Она вскинула на меня взгляд.
— Но порой у него не его лицо. Порой это лицо Джейсона, порой — Ахиры, иногда это Пиелл, а иногда... Боже мой, Уолтер, порой у него твое лицо, порой он даже выглядит, как ты, порой это ты, Уолтер...
— Тс-с-с... — Я приложил палец к ее губам. — Тише, Энди. Чуть медленнее.
Она умолкла, но я видел, чего ей это стоило. Дрожащие пальцы коснулись моего лица — невесомо, нежно, словно осенняя паутинка.
— Порой это ты, — повторила она. — Порой у него твое лицо.
Она дышала неровно и часто, голос был низким, дрожащим. — И все это тем больше перепутано, — сказала она, — чем ближе мы к Эвенору.
Она коснулась моего лба двумя пальцами и выдохнула заклинание — словно вытолкнула воздушный шарик.
Яркая вспышка полыхнула позади моих глаз — у меня в мозгу, и я увидел дальние огни, уходящие к горизонту и за него. Оранжевые, алые, они горели чересчур ярко, так, что вполне могли выжечь мне глаза.
Вдали, за горизонтом, Киррик волнами накатывался на берег Фэйри, где-то бурлил, где-то тихо плескался, а в глубине огромные темные тени ждали освобождения.
Где-то тоже вдали, но ближе, вскрылась багряная вена магии: чуждые твари и чужеродность изливались из нее в холодный воздух, обретая вещественность, реальную, несмотря на всю ее чуждость.
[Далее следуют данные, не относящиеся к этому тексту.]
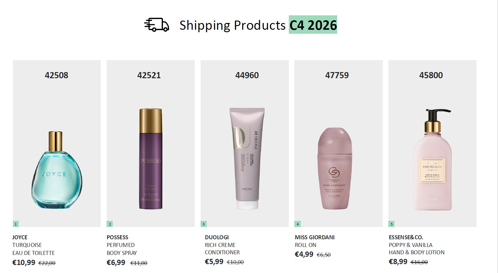 Οι παραγγελίες αποστέλλονται απευθείας από το Oriflame Global Distribution Centre στην Ελλάδα και ο χρόνος παράδοσής τους κυμαίνεται από 4 έως 6 εργάσιμες ημέρες. Η προβλεπόμενη ημερομηνία άφιξης υπολογίζεται κατά την ολοκλήρωση της κάθε παραγγελίας. Το χρονοδιάγραμμα παράδοσης είναι διαθέσιμο ηλεκτρονικά (Διαχείριση Παραγγελιών – Ιστορικό Παραγγελιών – Επιλογή Παραγγελίας – Εκτιμώμενη ημερομηνία παράδοσης).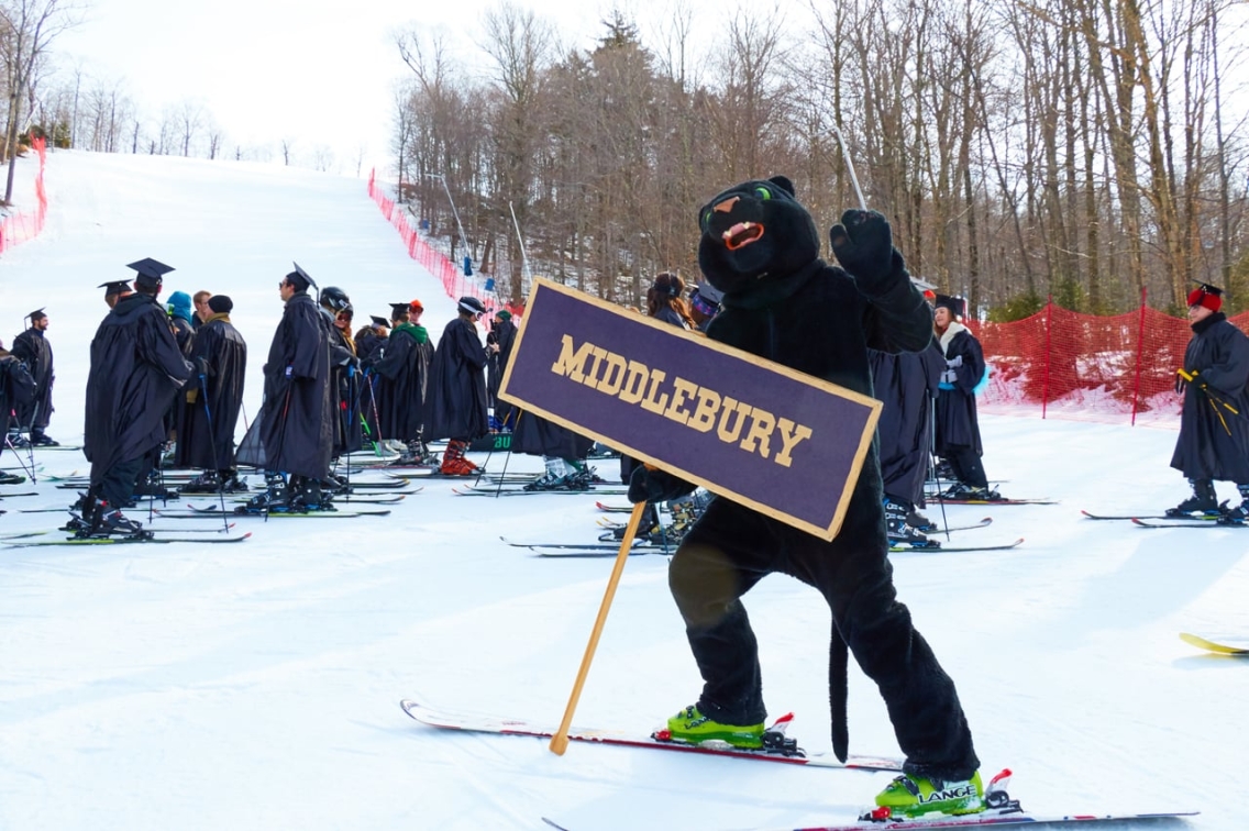 The 2016 February Celebration continued at the Middlebury College Snow Bowl where members of the class participated in the traditional “ski down” in their academic regalia. On snowboards, skis, snowshoes and foot, the graduates descended the Lang trail, crossing over to Cameron, which took them to the cheering crowd below in one of Middlebury’s most-cherished traditions.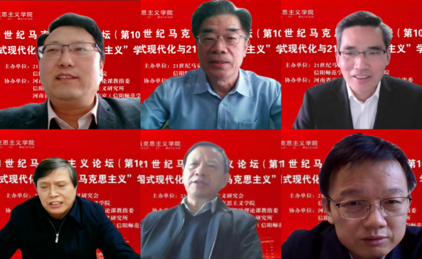 21世纪马克思主义研究会会长、中共中央党校(国家行政学院)教授韩庆祥,信阳师范学院校长李俊,来自中共中央党校(国家行政学院)、清华大学、武汉大学、浙江大学、山东师范大学、华南师范大学、华中师范大学、南京师范大学、郑州大学及《哲学研究》《马克思主义研究》编辑部等高校、科研院所、杂志社的专家学者、师生代表近千人齐聚云端,围绕论坛主题展开学术交流。信阳师范学院beat365亚洲版官网院长唐国战主持会议开幕式,副院长李蕊主持闭幕式。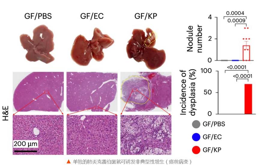 為了驗證肺炎克雷伯菌能否導致肝癌,于君團隊用肺炎克雷伯菌給無菌小鼠灌胃36周(不使用致癌劑),并以大腸桿菌和PBS灌胃作為對照。她們發現,只有肺炎克雷伯菌能誘導肝細胞增殖、纖維化損傷、致癌/促炎信號傳導,以及出現非典型性增生(癌前病變)。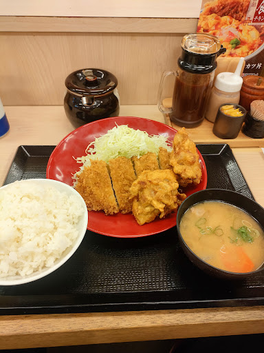 Read more今回は、国道16号線沿いにある「かつや相模原橋本店」に夕飯を食べに行きました!皆様が知っての通りチェーン店のお店で安定した味のトンカツや丼物が食べられるお店ですよね!お店も割と遅くまで開いているので残業した時や年末年始なんかに良く重宝しますね!そんなかつやに到着したのが18時過ぎで店内は、割と席の空きが目立ちます!正直にコレからの時間が夕飯時のゴールデンタイムなので逆に席が空いていて助かります!テーブル席が満席状態なのでカウンター席の端に腰をかければ、、、案の定夕飯を求めて次から次と新たなお客さんが来店してきます!メニューを開いて唐揚げとトンカツが同時に楽しめるロースカツから揚げ定食(880円税込)を元気な店員さんに注文してお茶で喉を潤します!混み合う店内の中待つ事10分程度でロースカツから揚げ定食が運ばれて来ました!定食の構成は、ミニロースカツ、から揚げ2個、キャベツ、豚汁、ご飯の構成で食べ応えは、シッカリとありそうですね!直ぐに出来たてのから揚げを口に入れればニンニクと醤油の効いたタレが飯に良く合うから揚げで満足と言える内容!気を良くしてトンカツにソースをかけて飯と食べれば、、、あれ?かつやのソースってこんなに塩っぱかったかな?と思える塩っぱさ!最近松のやで食べる事が多かったので舌が慣れてないのかな?と思いながらもう一切れ!やはり塩っぱいです!ソースの旨味と言うより直球で塩辛さが舌に来る!カツ単体で食べるとキツイですが、飯、キャベツと合わせると少し塩っ気が和らぐのでロースカツは、飯とキャベツで食べてから豚汁へ!豚汁は野菜の旨味と肉のコクが主張する豚汁で安定して美味いですね!最後に無量の漬物で舌直しをして完食!松のやで食べていたせいか飯の量が頼り無く感じますね!出来れば飯の食べ放題ならば安定してかつやに来るのになぁと思いながら会計です!それにしてもソースってあんなに塩辛かったかな?松のやのソースに慣れすぎたのかな?謎ですね!取り敢えずは、安定、安心してトンカツとから揚げが食べれた事に満足しましょう!皆様も国道16号線沿いのかつやで食べてみて下さいね〜!お弁当も充実していますのでお試し下さい!それでは、美味い!から揚げに心から感謝を込...

Саблезубая тень с крыльями летучей мыши стала тварью и с шумом унеслась в ночь; расплывчатый, неуклюжий морок обретал четкость и плоть, пока барахтался на земле, почесывая шерстистые бока.
А далеко-далеко, на грани зримого, едва различимая, однако кристально ясная, ждала земля, и яркие огни пульсировали вдоль ее берегов в странно знакомом, однако неузнаваемом танце.
— Фэйри, — произнесла Энди. — Вот ты — человек, со всеми проблемами и печалями, какие только могут у человека быть. Ты можешь все их выложить обитателям Фэйри — и они отошлют тебя назад либо исцеленным и счастливым, либо разбитым и несчастным: счастливей, чем ты мог мечтать, либо несчастнее, чем может присниться в кошмаре.
— А вероятность?
Она засмеялась и повела передо мной руками, пальцы ее шевелились, будто тасуя колоду карт.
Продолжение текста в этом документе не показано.